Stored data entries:
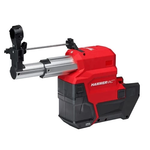The Milwaukee HAMMERVAC 1 in. Dedicated Dust Extractor (2912-DE) features an inline design engineered to connect directly to and be power by the M18 FUEL 1 in. SDS Plus Rotary Hammer (2912-20 and 2914-20). Utilizing the same replaceable certified HEPA filter as other HAMMERVACS; which filters 99.97% of all particles greater than 0.3µm; means more compatibility on the jobsite. The built-in adjustable depth stop and ruler offers easy and precise adjustments. The dust extractor allows full OSHA Table One Compliance when drilling up to 1 in. diameter and 6 in. in depth. This extractor features our AUTOPULSE Filter Cleaning Mechanism that automatically cleans the filter after each use; ensuring more effective drilling for longer before needing to empty the dust box. The dust box comes equipped with a vacuum port that allows for suctioning out the dust with a large vacuum or dust extractor (such as the 8960-20) instead of dumping the dust out into a trash receptacle; ensuring minimal exposure.
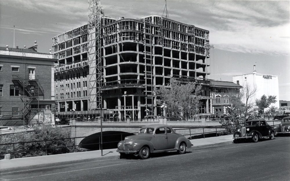 Costs were estimated at between $2,500,000 to $3,000,000, financed by the Bank of America, First National Bank of Nevada, and the Reconstruction Finance Agency, a depression-era federal agency. The YMCA and Majestic theater are visible to the right of the construction site. | Date: 1946 | Source: Special Collections, University of Nevada, Reno LibrariesDownload Original File
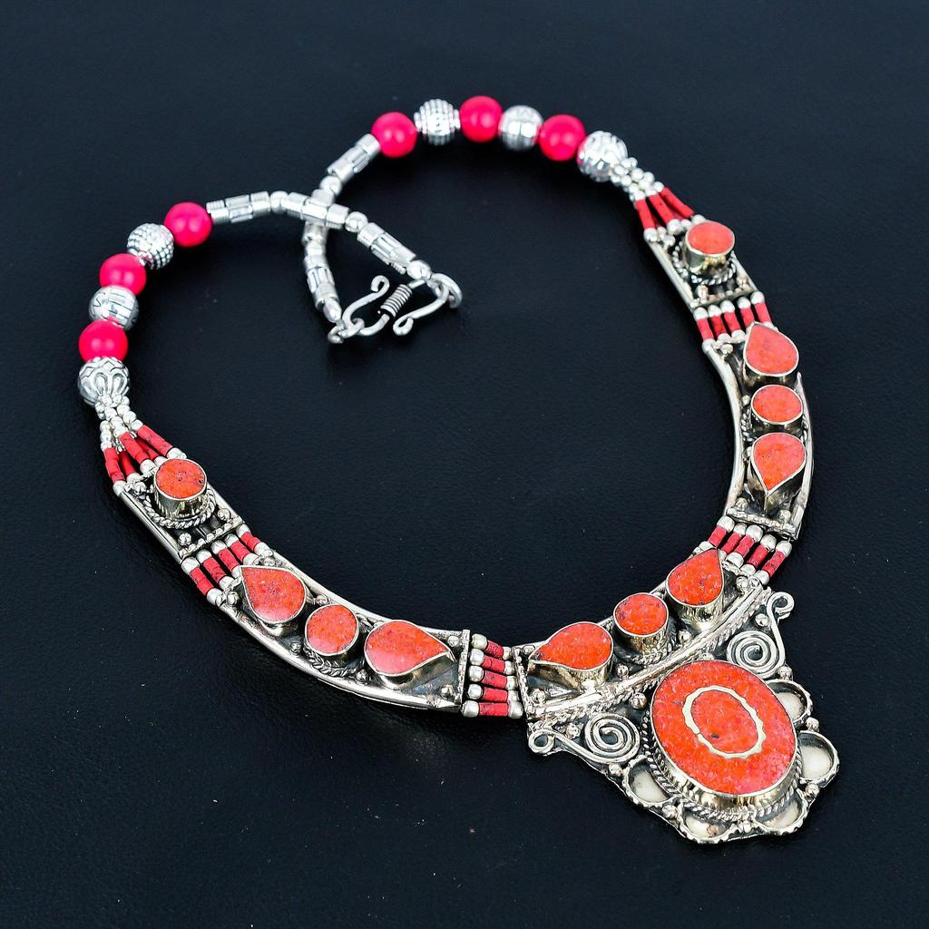 Rote Koralle 925 Sterlingsilber Halskette Tibetische Silber Halskette Böhmische Antike Halskette Handgefertigter Schmuck Nepalesische Halskette Geschenk für Ehefrau
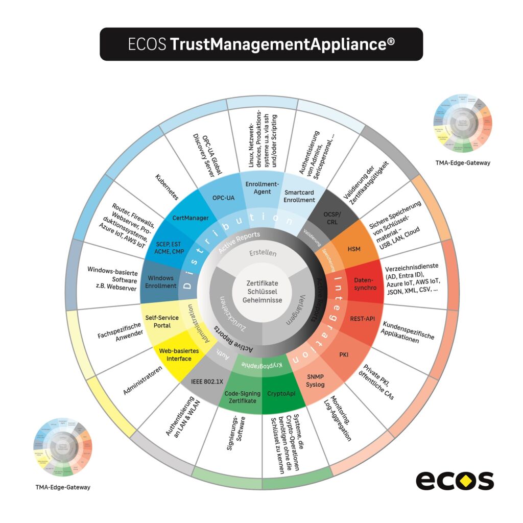 Der deutsche IT-Security-Spezialist Ecos Technology hat bereits auf der Fachmesse SPS Ende letzten Jahres das neue Edge Gateway TrustManagementAppliance vorgestellt. Dabei handelt es sich um eine Software für das Ausrollen und Verwalten von Zertifikaten, die auf Edge Devices eingesetzt werden kann. Dafür sollen weder Administrationsaufwand noch spezielles IT-Wissen erforderlich sein. Das Edge Gateway ergänzt das All-in-One PKI- und Key-Management-System Ecos TrustManagementAppliance. Die Software kann als virtuelle Maschine, in einer Container-Infrastruktur oder auf eigener Hardware betrieben werden. Bei der Validierung von Zertifikaten per OCSP kann das System zudem dort verwendet werden, wo die Zertifikate zum Einsatz kommen.
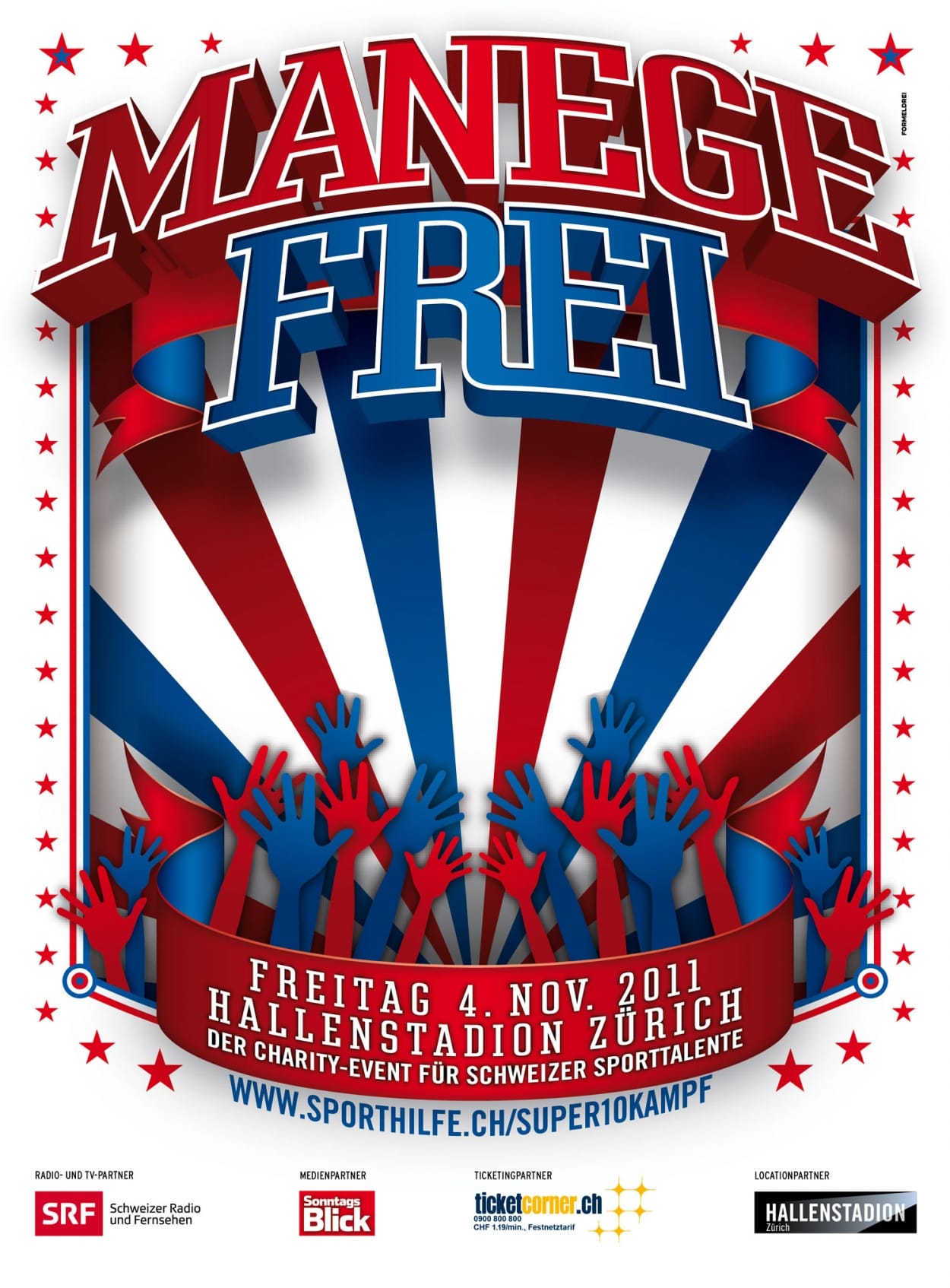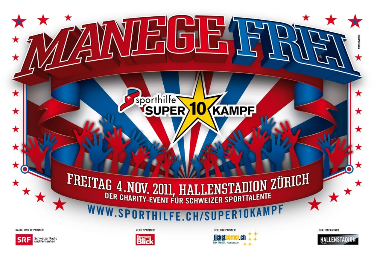 Spektakuläre Akrobatik, farbenprächtige Kostüme und witzige Showeinlagen: Der Super10Kampf verwandelt das Hallenstadion Zürich am Freitag, 4. November 2011, in eine riesige Zirkusarena. Unter dem Motto «Manege frei!» messen sich auch in diesem Jahr wieder Stars aus Sport und Showbusiness im „Circus Maximus“ in vielen lustigen und nicht ganz alltäglichen Spielen. Formeldrei inszeniert das Jahres-Highlight der Schweizer Sporthilfe ganz im Zirkus-Look. Realisiert wurden Inserate und verschiedenen Print-Massnahmen.

What is required:
Would you return the entries verbatim, minus any images?

Solution to this problem:
The Milwaukee HAMMERVAC 1 in. Dedicated Dust Extractor (2912-DE) features an inline design engineered to connect directly to and be power by the M18 FUEL 1 in. SDS Plus Rotary Hammer (2912-20 and 2914-20). Utilizing the same replaceable certified HEPA filter as other HAMMERVACS; which filters 99.97% of all particles greater than 0.3µm; means more compatibility on the jobsite. The built-in adjustable depth stop and ruler offers easy and precise adjustments. The dust extractor allows full OSHA Table One Compliance when drilling up to 1 in. diameter and 6 in. in depth. This extractor features our AUTOPULSE Filter Cleaning Mechanism that automatically cleans the filter after each use; ensuring more effective drilling for longer before needing to empty the dust box. The dust box comes equipped with a vacuum port that allows for suctioning out the dust with a large vacuum or dust extractor (such as the 8960-20) instead of dumping the dust out into a trash receptacle; ensuring minimal exposure.
 Costs were estimated at between $2,500,000 to $3,000,000, financed by the Bank of America, First National Bank of Nevada, and the Reconstruction Finance Agency, a depression-era federal agency. The YMCA and Majestic theater are visible to the right of the construction site. | Date: 1946 | Source: Special Collections, University of Nevada, Reno LibrariesDownload Original File
 Rote Koralle 925 Sterlingsilber Halskette Tibetische Silber Halskette Böhmische Antike Halskette Handgefertigter Schmuck Nepalesische Halskette Geschenk für Ehefrau
 Der deutsche IT-Security-Spezialist Ecos Technology hat bereits auf der Fachmesse SPS Ende letzten Jahres das neue Edge Gateway TrustManagementAppliance vorgestellt. Dabei handelt es sich um eine Software für das Ausrollen und Verwalten von Zertifikaten, die auf Edge Devices eingesetzt werden kann. Dafür sollen weder Administrationsaufwand noch spezielles IT-Wissen erforderlich sein. Das Edge Gateway ergänzt das All-in-One PKI- und Key-Management-System Ecos TrustManagementAppliance. Die Software kann als virtuelle Maschine, in einer Container-Infrastruktur oder auf eigener Hardware betrieben werden. Bei der Validierung von Zertifikaten per OCSP kann das System zudem dort verwendet werden, wo die Zertifikate zum Einsatz kommen.
 Spektakuläre Akrobatik, farbenprächtige Kostüme und witzige Showeinlagen: Der Super10Kampf verwandelt das Hallenstadion Zürich am Freitag, 4. November 2011, in eine riesige Zirkusarena. Unter dem Motto «Manege frei!» messen sich auch in diesem Jahr wieder Stars aus Sport und Showbusiness im „Circus Maximus“ in vielen lustigen und nicht ganz alltäglichen Spielen. Formeldrei inszeniert das Jahres-Highlight der Schweizer Sporthilfe ganz im Zirkus-Look. Realisiert wurden Inserate und verschiedenen Print-Massnahmen.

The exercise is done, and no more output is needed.